The data may include, but is not limited to, one or more text files or other
data files containing
information related to the sequences of the DNA strands in the samples. In an
embodiment, the
sequence information also includes confidence data, so that each base in a
sequence may have a
confidence interval associated with it, or each sequence has a confidence
interval associated with
it. The confidence interval is a mathematical calculation calculated by the
sequencer, and may
include the strength of the read of the particular base by the sequencer. In
one illustrative
example, the confidence interval is an integer from one to nine. In the
example, a confidence
interval of one indicates that the sequencer has relatively low confidence
that the base reported
was the base in the DNA strand. A confidence interval of nine indicates that
the sequencer has
relatively high confidence that the base reported was the base in the DNA
strand. In an
embodiment, the sequencer also reports other information in addition to the
confidence interval.
For example, the sequencer may report when a base could not be read.

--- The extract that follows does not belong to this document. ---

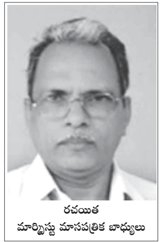
రచయిత మార్క్సిస్టు మాసపత్రిక బాధ్యులు

కేంద్ర ప్రభుత్వం కార్మికచట్టాలను నాలుగు కోడ్లుగా కుదించటం వలన కార్మికులతో పాటు దేశ ప్రజానీకం కూడా తీవ్ర దుష్పరిణామాలను ఎదుర్కొంటారు. ప్రభుత్వం తీసుకొస్తున్న చట్ట సవరణలతో కార్మికుల ఆదాయాలు పడిపోతాయి. వారి జీవన ప్రమాణాలు దిగజారతాయి. నిరుద్యోగం పెరుగుతుంది. పంటలకు మద్దతు ధరలు, మార్కెట్ ధరలు పడిపోతాయి. రైతాంగం అప్పుల పాలవటం, అత్యుపాత్యలు చేసుకోవటం పెరుగుతుంది. పారిశ్రామికాభివృద్ధి పతనమౌతుంది. మాంద్యం మరింత తీవ్రమౌతుంది. ప్రధాని మోడి గొప్పగా ప్రచారం చేస్తున్న మేకిన్ ఇండియాకు విఘాతం కలుగుతుంది. మొత్తంగా ప్రజల జీవన ప్రమాణాలు పడిపోవటానికి, దరిద్రం పెరగటానికి ఈ చర్యలు దారితీస్తాయి. అందువలన రైతాంగం, వ్యవసాయ కార్మికులు, గ్రామీణ ప్రజానీకం, దేశంలోని పీడితవర్గాలు, మధ్యతరగతి, చిన్న, మధ్యతరహా పరిశ్రమల యజమానులు, తదితరులంతా జనవరి 8వ తేదీన కార్మికవర్గం చేస్తున్న సార్వత్రిక సమ్మేకు సంపూర్ణ మద్దతునివ్వాలి. సమ్మే కార్మికవర్గానికి ఎంత అవసరమో, మిగతా పీడితప్రజలకు కూడా అంతే అవసరమనే చైతన్యాన్ని కలిగించాలి. ప్రభుత్వం ప్రవేశపెట్టిన వేతనాలకు సంబంధించిన కోడ్స్ను ఆగస్టు నెలలో ఉభయ సభలు ఆమోదించాయి. అనంతరం రాష్ట్రపతి ఆమోదం తెలపటంతో చట్టంగా మారింది. యజమానుల ఆకాంక్షలకు అనుగుణంగా సంఘం పెట్టుకోవటానికి, సమ్మేవేయటానికి కార్మికులకు ఉన్న హక్కులను హరించటం, వారి వేతనాలను తగ్గించటం, ఆధునిక బానిసల స్థాయికి కార్మికులను దిగజార్చటం ప్రభుత్వం రూపొందిస్తున్న కోడ్లలోని ప్రధానాంశాలు. 2017లో కేంద్ర ప్రభుత్వం నిపుణత లేని పనులకు 176 రూపాయలను కనీస వేతనంగా ప్రభుత్వం నిర్ణయించింది. రెండు సంవత్సరాల అనంతరం 2 రూపాయలు మాత్రమే పెంచి 178 రూపాయలను కనీస వేతనంగా కేంద్ర కార్మికశాఖమంత్రి ప్రకటించాడు. రెండు సంవత్సరాల తర్వాత 1.36

[0059] Turning now to Figure 2, a flow chart showing the pre-processing of
data from Figure 1
according to an embodiment of the present disclosure is shown. The data for
the sequencing
runs is read from the sequencer, as illustrated in box 201. In an embodiment,
the data is in the
form of one or more text files, the text files containing the sequence
information and other data
regarding the sequencer and/or the data set. The data includes short DNA
sequences, or "reads."
In an embodiment, the data also includes confidence interval scores for each
of the bases read by
the sequencer in each of the reads. The barcode data is read by an analysis
system 507, as
described in more detail below with reference to Figures 5 and 6, and the
reads are separated by
barcode, if the samples have been coded with a barcode, so that reads with the
same barcode are
placed together. In an embodiment, information about the barcodes is stored in
a database, a
spreadsheet, or other data file or files, and the barcode information and the
information about the
barcodes is made available to the analysis system 507.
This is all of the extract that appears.